On Fri, 2014-03-14 at 09:08 -0400, Edward Kmett wrote:
> I spent some time hacking around on this from a library perspective when I
> had to interoperate with a bunch of Objective C on a 64-bit mac as many of
> the core library functions you need to FFI out to pass around pairs of Int32s
> as a struct small enough by the x64 ABI to get shoehorned into one
> register, and as I was programmatically cloning Objective C APIs via
> template haskell I couldn't use the usual clunky C shims.

Was it related to language-c-inline package?

> So if nothing else, you can at least take this as a vote of confidence that
> your idea isn't crazy. =)
> I'd also be happy to answer questions if you get stuck or need help.

Thank you, Edward

Since there is at least one person how is interested in, I'll start
asking questions. Please let me know when I become too noisy :)

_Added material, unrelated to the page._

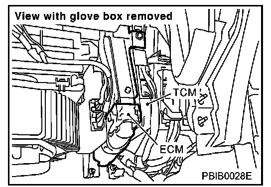 1. ECM is located behind the glove box. For this inspection, remove glove box.

For now I'm focused on desugaring phase. Right now

type Fn = CInt -> CInt -> IO ()
foreign import ccall "wrapper" f :: Fn -> IO (FunPtr Fn)

is desugared into

f :: Fn -> IO (FunPtr Fn)
f hsFunc = do
  sPtr <- newStablePtr hsFunc
  createAdjustor sPtr staticWrapper ...

Here staticWrapper -- address of C function. It will dereference the
sPtr, cast to StgClosure* and call with appropriate arguments. All the
arguments are primitive C types (int, char, pointer, etc), so it is easy
to convert them to corresponding haskell types via rts_mkInt, rts_mkChar

But I want to allow argument to be C structs.

data CStruct {
  i :: CInt,
  j :: CInt
type Fn = CStruct -> IO ()
foreign import ccall "wrapper" f :: Fn -> IO (FunPtr Fn)

Looks like it is impossible to instantiate CStruct from C function. Is
it true? Is it easy to add such functionality?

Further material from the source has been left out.